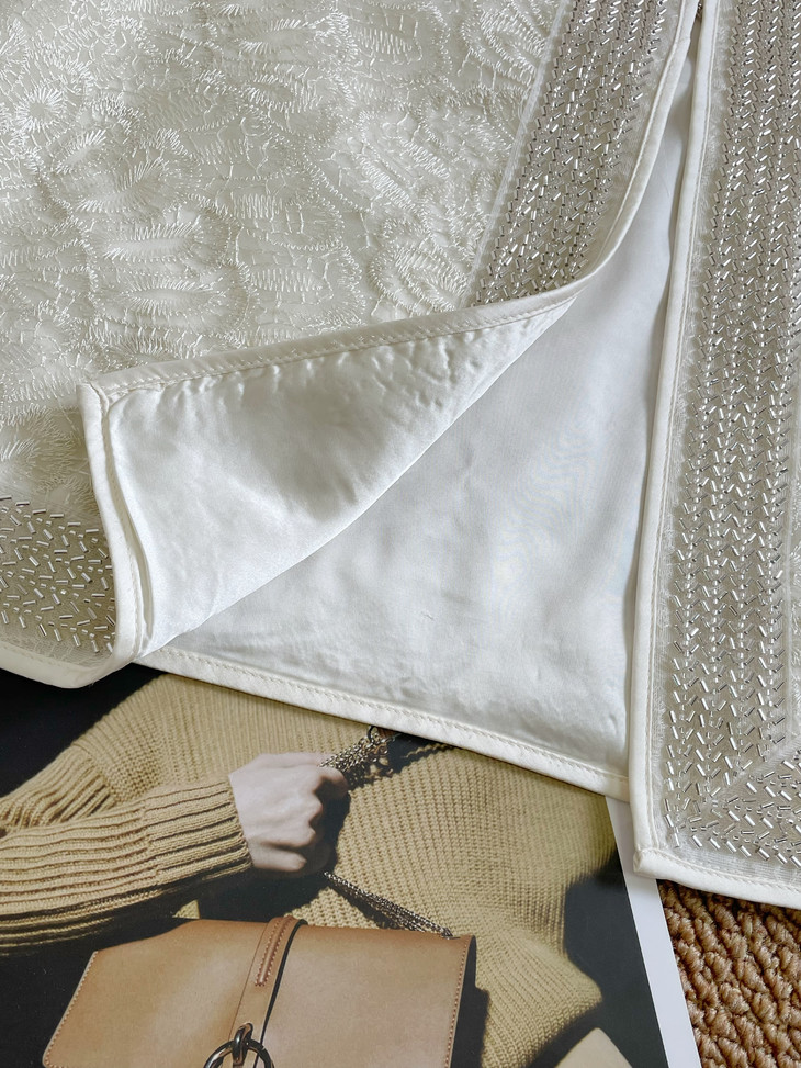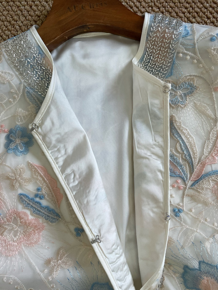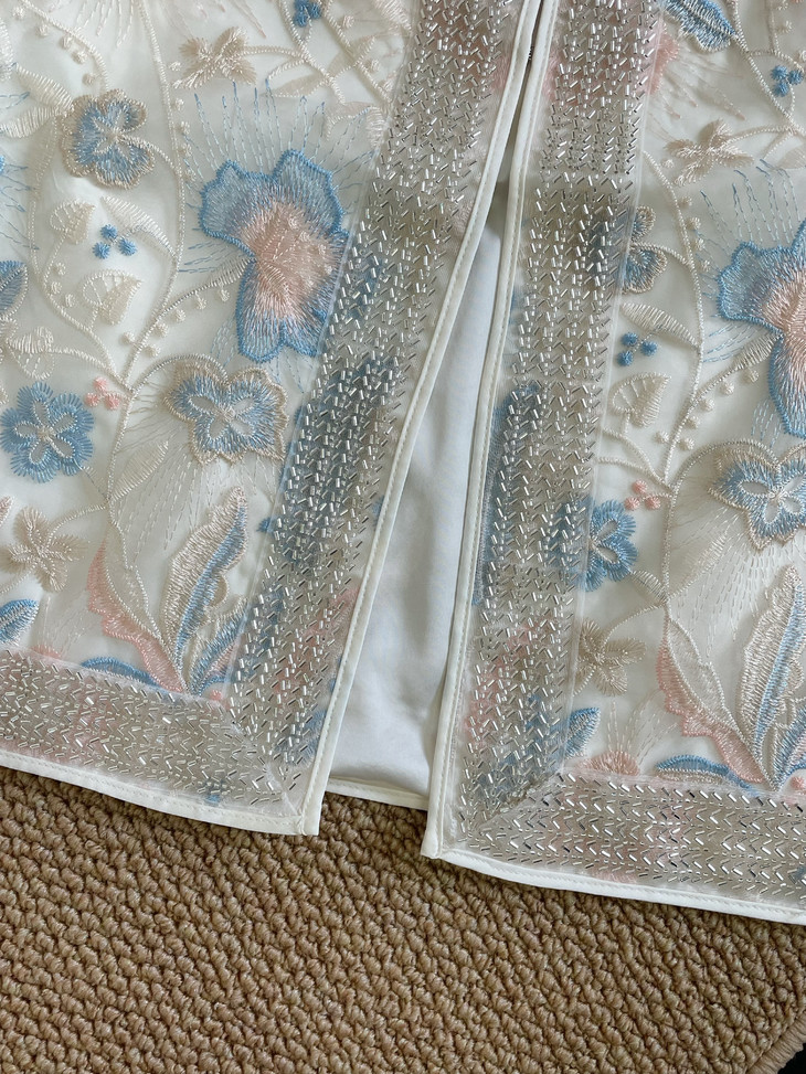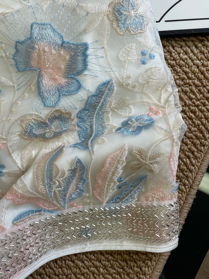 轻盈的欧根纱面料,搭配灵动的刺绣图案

------------------------------------

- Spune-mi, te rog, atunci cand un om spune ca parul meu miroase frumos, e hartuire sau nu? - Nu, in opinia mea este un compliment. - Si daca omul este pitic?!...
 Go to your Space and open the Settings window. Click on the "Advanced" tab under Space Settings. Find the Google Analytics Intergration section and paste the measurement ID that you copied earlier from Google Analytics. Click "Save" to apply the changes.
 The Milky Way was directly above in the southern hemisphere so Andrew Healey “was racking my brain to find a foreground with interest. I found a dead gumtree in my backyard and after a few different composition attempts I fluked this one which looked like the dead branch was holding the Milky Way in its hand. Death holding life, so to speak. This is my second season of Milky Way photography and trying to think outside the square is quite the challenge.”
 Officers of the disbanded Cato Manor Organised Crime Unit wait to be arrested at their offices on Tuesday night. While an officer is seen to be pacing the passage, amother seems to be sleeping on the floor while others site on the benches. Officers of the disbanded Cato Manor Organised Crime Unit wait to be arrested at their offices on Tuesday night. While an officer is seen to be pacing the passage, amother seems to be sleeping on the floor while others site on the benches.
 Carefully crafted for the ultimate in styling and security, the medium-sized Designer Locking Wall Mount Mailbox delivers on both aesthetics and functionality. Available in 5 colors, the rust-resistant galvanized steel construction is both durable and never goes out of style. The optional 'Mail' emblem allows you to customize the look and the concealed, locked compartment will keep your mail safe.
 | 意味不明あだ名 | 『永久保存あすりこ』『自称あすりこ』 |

------------------------------------

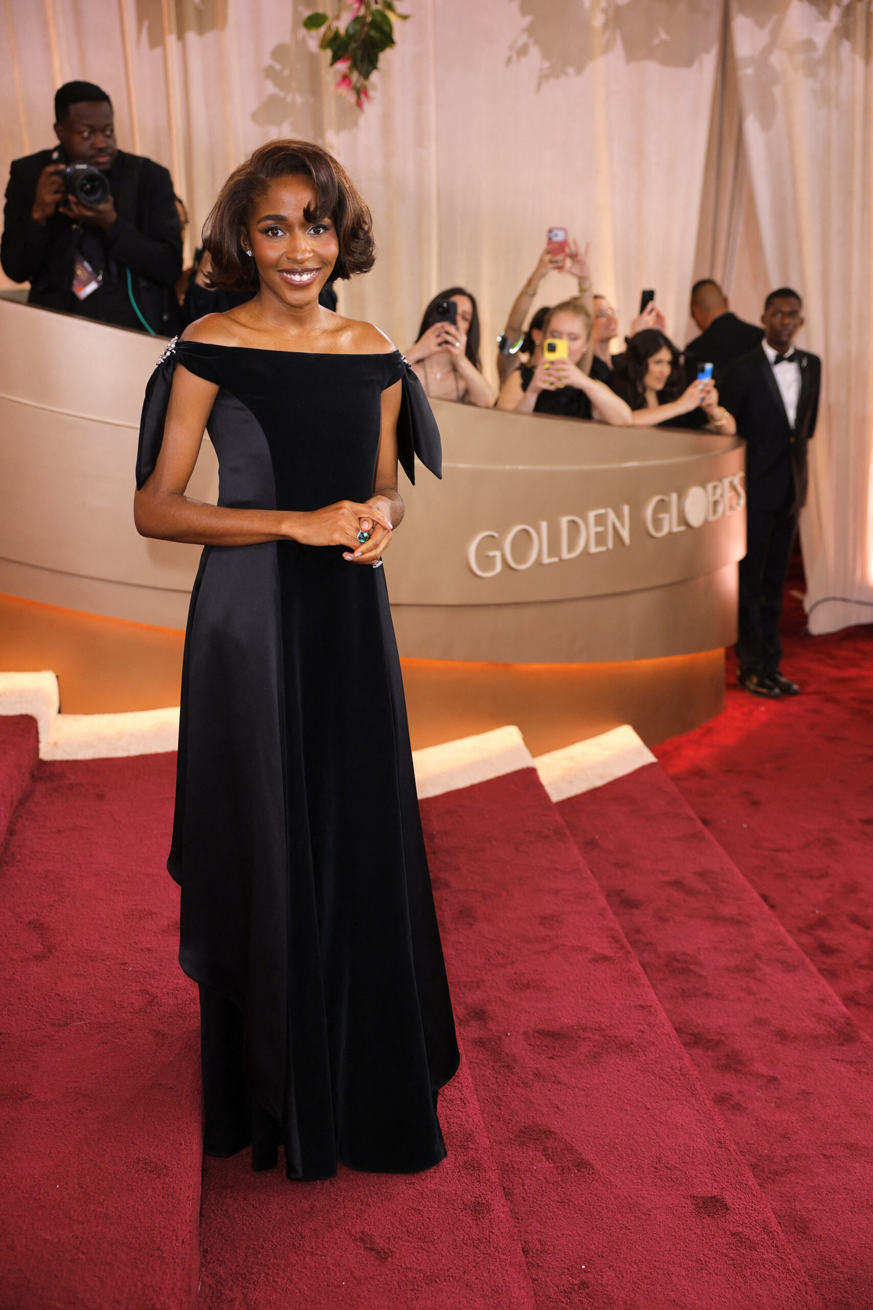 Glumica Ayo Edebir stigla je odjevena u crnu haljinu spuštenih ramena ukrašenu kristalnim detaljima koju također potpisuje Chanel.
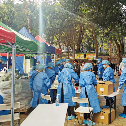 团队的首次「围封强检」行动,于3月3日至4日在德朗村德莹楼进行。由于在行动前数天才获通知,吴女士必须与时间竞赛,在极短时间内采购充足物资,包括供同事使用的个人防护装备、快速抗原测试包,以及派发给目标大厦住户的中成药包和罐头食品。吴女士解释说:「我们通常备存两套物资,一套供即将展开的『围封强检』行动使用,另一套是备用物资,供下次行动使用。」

------------------------------------

▶ **Task**: Beginning with the line above that has "Glumica Ayo Edebir" and going on through the line that has "团队的首次「围封强检」行动,于3月3日至", retype every line exactly and add nothing else; drop the pictures.

▶ **Answer to this task**:
 Glumica Ayo Edebir stigla je odjevena u crnu haljinu spuštenih ramena ukrašenu kristalnim detaljima koju također potpisuje Chanel.
 团队的首次「围封强检」行动,于3月3日至4日在德朗村德莹楼进行。由于在行动前数天才获通知,吴女士必须与时间竞赛,在极短时间内采购充足物资,包括供同事使用的个人防护装备、快速抗原测试包,以及派发给目标大厦住户的中成药包和罐头食品。吴女士解释说:「我们通常备存两套物资,一套供即将展开的『围封强检』行动使用,另一套是备用物资,供下次行动使用。」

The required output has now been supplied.